As a veteran user of descriptors and member-with-voting-rights of the Vulkan Descriptor Bloggers Consortium, nothing described above poses the slightest challenge. The hard part of SSO handling is the actual pipeline management. Because all the precompiles are done per-shader in threads, there’s no reusable objects for caching with shader variants, nor is there a way to compile such variants asynchronously anyway. These shaders can have exactly one variant, the default, and anything else is not possible.

After a number of iterations on the concept, I settled on having a union in the zink_gfx_program struct which omits all of the mechanics for managing shader variants. The “separable” zink_gfx_program object functions like this:

app binds SSO program
create separable zink_gfx_program stub when possible
trigger async creation of real zink_gfx_program
draw with separable zink_gfx_program stub
when real zink_gfx_program is ready, replace separable object with real object

In this way, the precompiled SSO shaders can be fast-linked like a regular pipeline to avoid hitching, and the bespoke descriptor update path will be taken using more or less the same mechanics as the normal path to guarantee matching performance. Any non-shader-variant pipeline state changes can be handled without any new code, and everything “just works”.

I Lied, This Is The Real Tricky Part

Especially clever experts have been reading up until this point with six or seven eyebrows raised with the following thought in mind.

Doesn’t Tomb Raider (2013) use tessellation shaders?

Why yes. Yes, Tomb Raider (2013) does use tessellation shaders, and yes, it does only use them for drawing hair effects.

No, GPL cannot do separate pipeline libraries for tessellation shaders. Or geometry shaders, for that matter.

What Does This Mean?

What it doesn’t mean is that I’ve fixed hitching for Tomb Raider (2013).

At present, it’s not possible to fix this using Vulkan. There is simply no way to precompile separate tessellation shaders, and so I again will say that the use of SSO is why the fps is bad.

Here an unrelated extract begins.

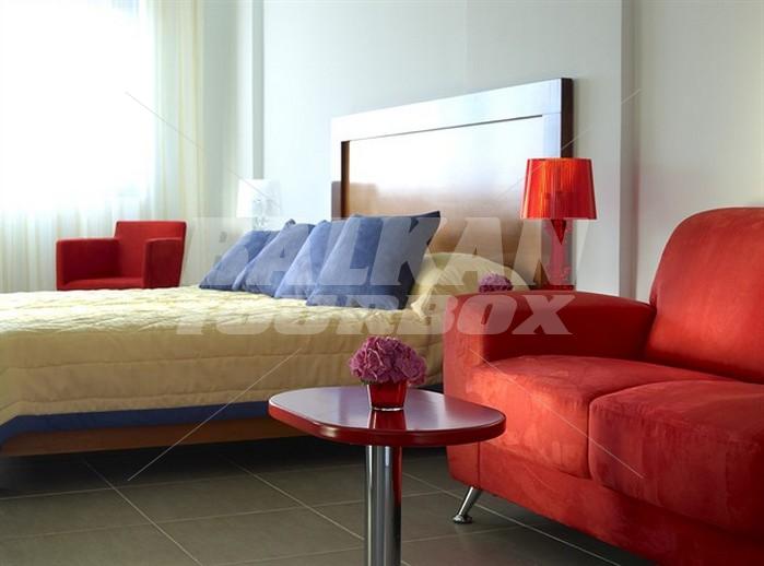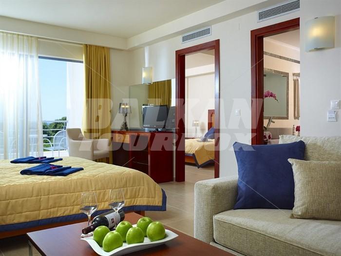 Плажът се намира на 3 минути пеша от хотела. Стаите му са климатизирани, а на разположение на гостите са и фитнес и сауна, както и детски и плувен басейн. Wi-Fi достъпът до интернет е безплатен на цялата му територия, а закуската се сервира на шведска маса.Повечето от стаите на хотела са с гледка към морето, като всяка една от тях е просторна и модерно обзаведена. Налични са LCD телевизор, баня с принадлежности, а на територията на хотела - бар и уелнес съоръжения.

But the above-described handling does eliminate hitching caused by simple instances of SSO, which mitigates some of the hitching in Tomb Raider (2013). I’m not aware of other games that use this functionality, but if there are any, hopefully they don’t use tessellation and are smoothed out by this MR*.
* Note: ZINK_DESCRIPTORS=db is currently required to enable this functionality

Gaming on Zink: We’re getting there.

Bonus Content

Notable RADV developer and pixel enthusiast Samuel Pitoiset doesn’t blog, but he’s just put up a MR that enables non-GPL pipeline caching with RADV_PERFTEST=gpl.

Test it and report back.

Written on February 8, 2023